В феврале, еще помню, такая метель была, градусов 25 было. Где-то половина пятого утра было. Поезд пришел на станцию Тоцкое. Я вышел из поезда, думаю: куда я приехал, зачем, для чего вообще я сюда приехал? Вообще не понимаю, учитывая, что в последний раз я форму надевал 30 лет назад. Через час только попал в эту 27-ю дивизию. Подъехал к КПП, зашел свободно, ни документов, ничего не спрашивали. Спросил, кто главный, мне показали, я подошел, говорю: вот я прибыл, — и он на меня таким матом: ты что, ты куда приехал, ты не умеешь обращаться, ты военный или кто. Таким трехэтажным матом. Я на него смотрю и думаю, втащить бы тебе, думаю, между глаз! Ну я 30 лет не был в армии. У нас тогда в Западной группе войск — даже нас когда вывели — вообще по-другому все было. Здравия желаю. Не было вообще такого отношения к людям, как сейчас.

— Получается, когда-то вы служили в Западной группе войск?

— Да, в Западную группу войск я попал в 1990 году. После военного училища. Служил под Лейпцигом. Там зарплата шла и в валюте, и в рублях. Тогда у нас СНГ было, в стране ничего не было вообще. Поэтому максимально все хотели там задержаться. Но в 1994-м нас вывели.

Капитан армии Олег Миллер находится в розыске и вне России. Источник: стоп-кадр из репортажа «Досье»

— А как вы оказались в медицинском батальоне? Вы же не связаны с медициной.

— Наша дивизия формировалась на базе бригады. Пока я там находился, три или четыре дня в этом кубрике, приехал начмед группировки, поговорили с ним, он говорит: «Ты вроде нормальный, адекватный. Пойдем к нам?» Я говорю: я не медик. Он говорит: ну и что, у нас начальник штаба, майорская должность, свободная.

Она свободная, потому что это все вновь формируется?

— Да, вообще ничего не было.

— Вы оказались в этой новой дивизии в Тоцком. Ваше первое впечатление от армии было не очень?

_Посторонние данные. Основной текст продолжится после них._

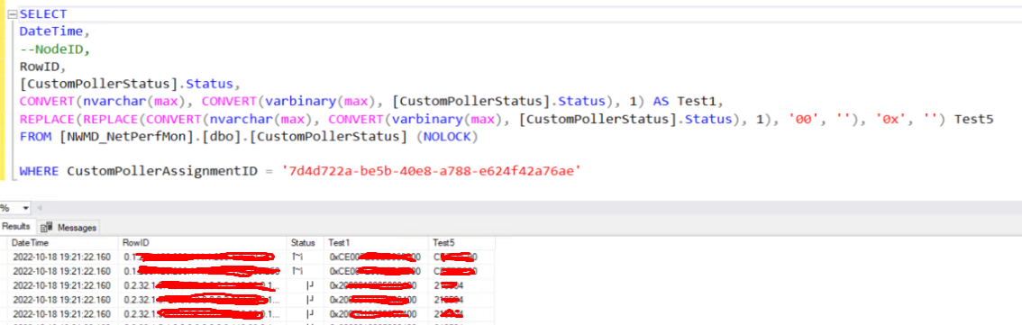 In SQL I get this character in Status though. I found a script linked below to convert it to hex which seems to work for the IPv4 address but for IPv6 it seems like half the data is missing. Is it just a limitation of what can be stored? I'm guessing from Hex I would be able to then convert to an IP format but haven't gotten that far. Would this even be possible in SQL or would I need to use Powershell to do something like this?
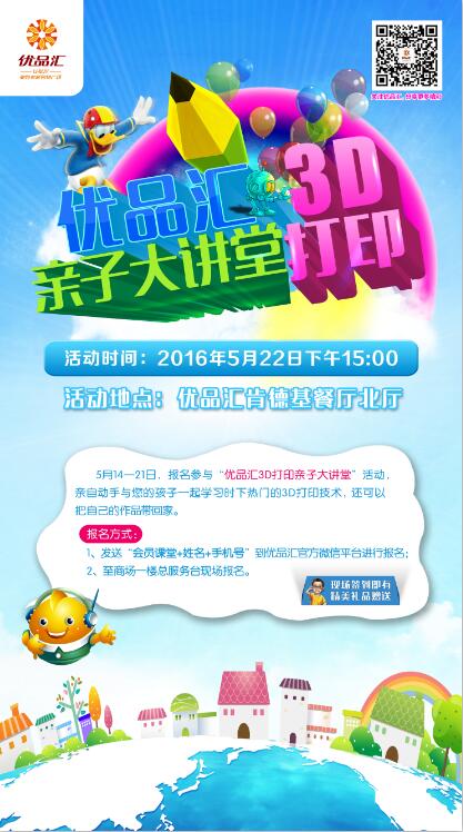 您想讓孩子學習時下最熱門的3D打印技術嗎?您想把孩子親手制作的3D玩具帶回家嗎?3D打印親子大講堂來啦!就在5月22日優品匯奧特萊斯購物廣場!5月14-22日火熱報名中,快來體驗吧!
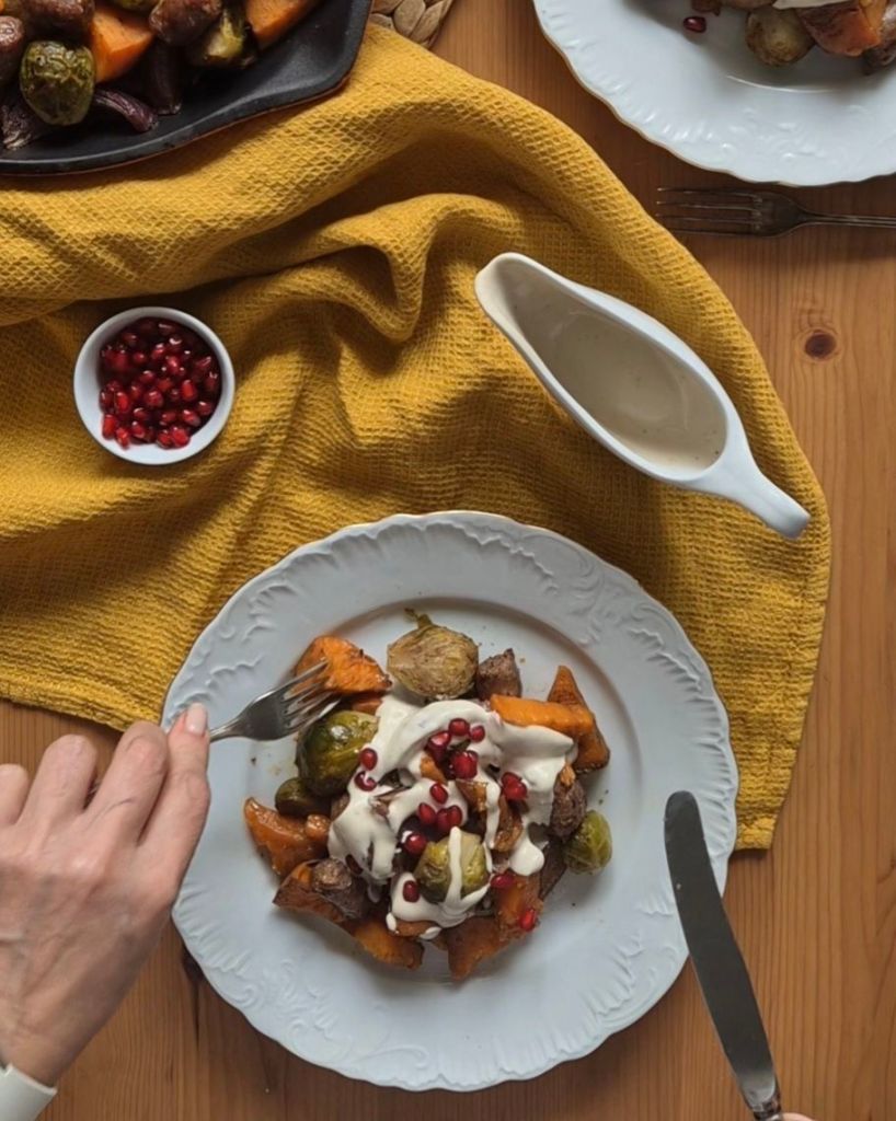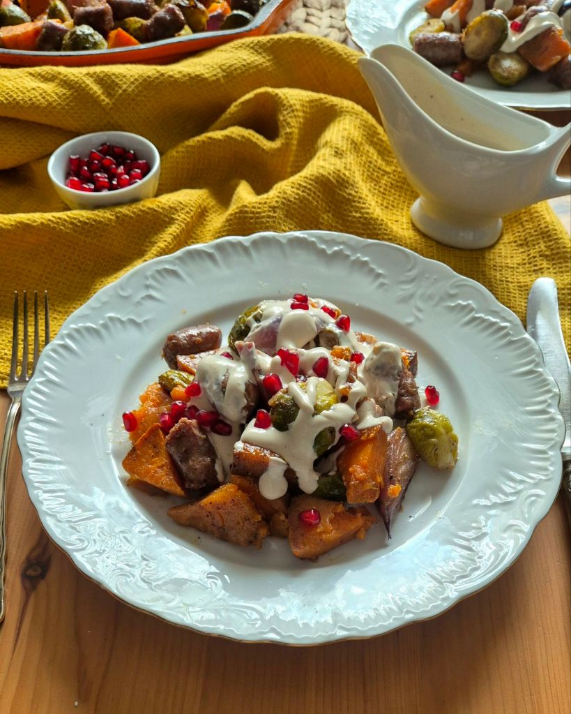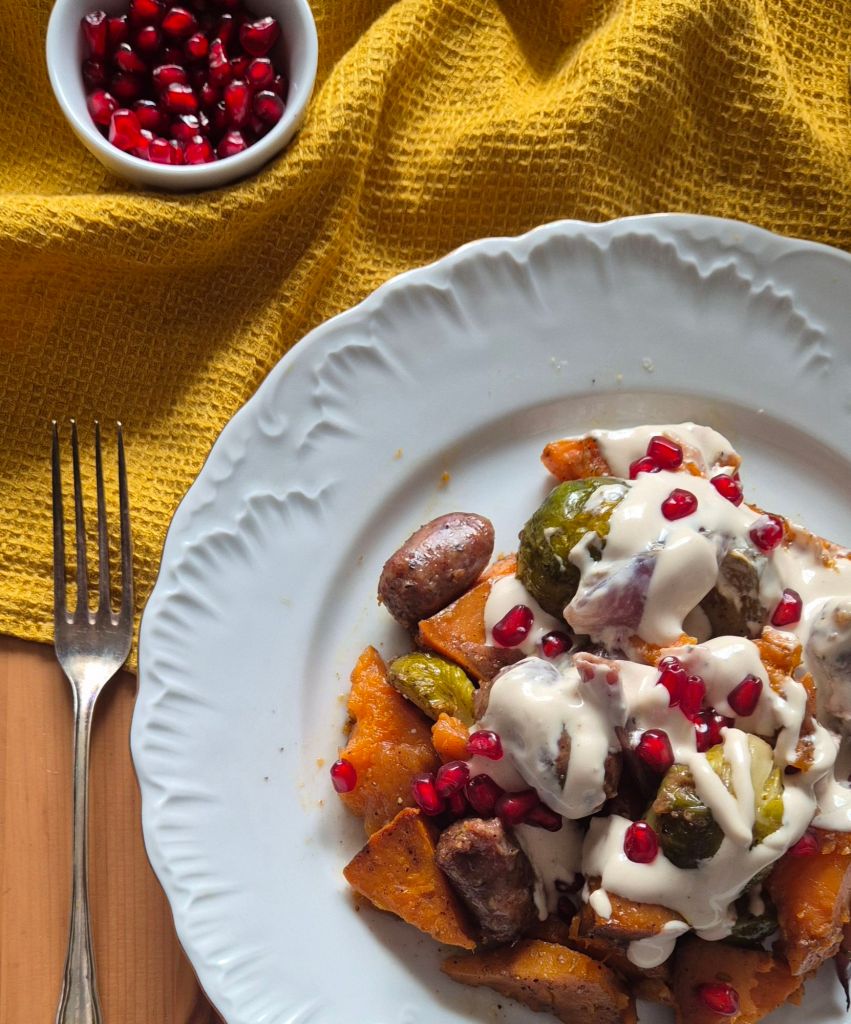 Още една рецепта, приготвена на фурна, по възможно най-лесния начин. Брюкселското зеле ми е сред любимите сезонни зеленчуци. Знам, че много хора не го харесват, но според мен те просто не са опитвали наистина добра рецепта с него. Тук го съчетах със сладки картофи, червен лук и хубави говежди наденички и подправих с една от любимите ми смеси – бахарат от Спайзинг.
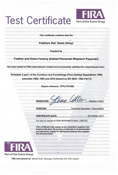 Наша фабрика — одна из немногих в Польше, которая имеет перья и пух, сертифицированные RDS.
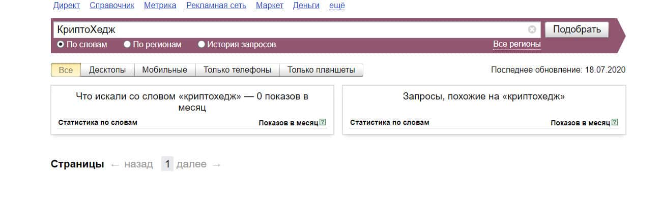Пользователи не искали название бренда "КриптоХедж" на русском языке в системе Яндекс ни разу.
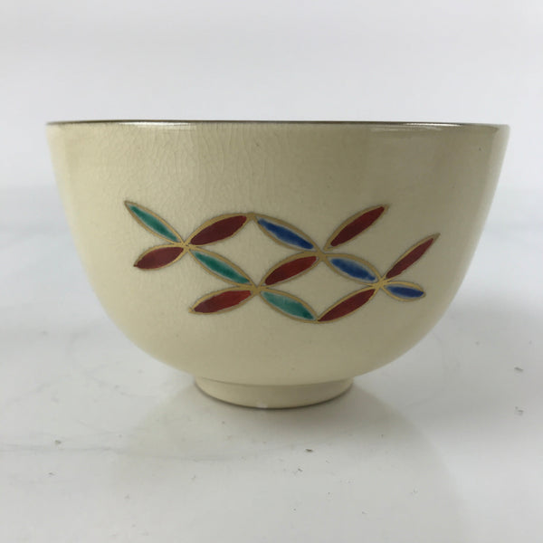 This is a vintage Japanese ceramic green tea bowl, or matcha chawan. It is mostly beige with a gold rim and a cloisonné-style illustrated design in red, green, and blue. This piece is kyo ware. It has a smooth texture. This bowl is signed with a stamped mark on the bottom. It is sturdy and easy to handle. This shape of this bowl is called wan-nari, which is a tea bowl resembling a typical soup or rice bowl with a straight edge lip.

— Сброд. Ну честно скажу, сброд. Я видел людей, которые к нам приходили в медицинский батальон. По большому счету, нормальных там не было. А что уж говорить о штурмовых подразделениях, каких-то полках там… Там вообще сброд один.

Что значит сброд?

— Алкоголики, наркоманы, преступники… Прямо сброд. Я не знаю вообще, для чего их брали. Потом уже, когда год прошел, полгода, стало понятно, когда дивизию сформировали, отправили за ленту, начали отправлять подразделения, начались боевые действия дивизии. Уже стало понятно, что людей просто в мясорубку отправляют.

— Вы попали в 27-ю мотострелковую дивизию. Она существовала еще в советское время, в 2009 году была расформирована, а в 2024-м — вновь сформирована. Почему, зачем нужно было формировать новую дивизию?

— Там раньше с 2009-го по конец 2023-го ×  была бригада, но от нее ничего не осталось. Ни техники, ни людей. Поэтому заново набрали людей. Наша дивизия пошла в ДНР. Селидово, все вот эти дела. Скоро, наверное, я говорю, с такими потерями уже на базе нашей дивизии будут новую формировать. Потому что людей уже не хватает катастрофически.

— А как долго формировалась дивизия?

— Где-то с февраля по апрель 2024 года — примерно четыре месяца. Там набралось примерно 28 тысяч человек, у меня был доступ к списку, полному составу дивизии.

— Сколько примерно человек — из этих 28 тысяч — сейчас погибло?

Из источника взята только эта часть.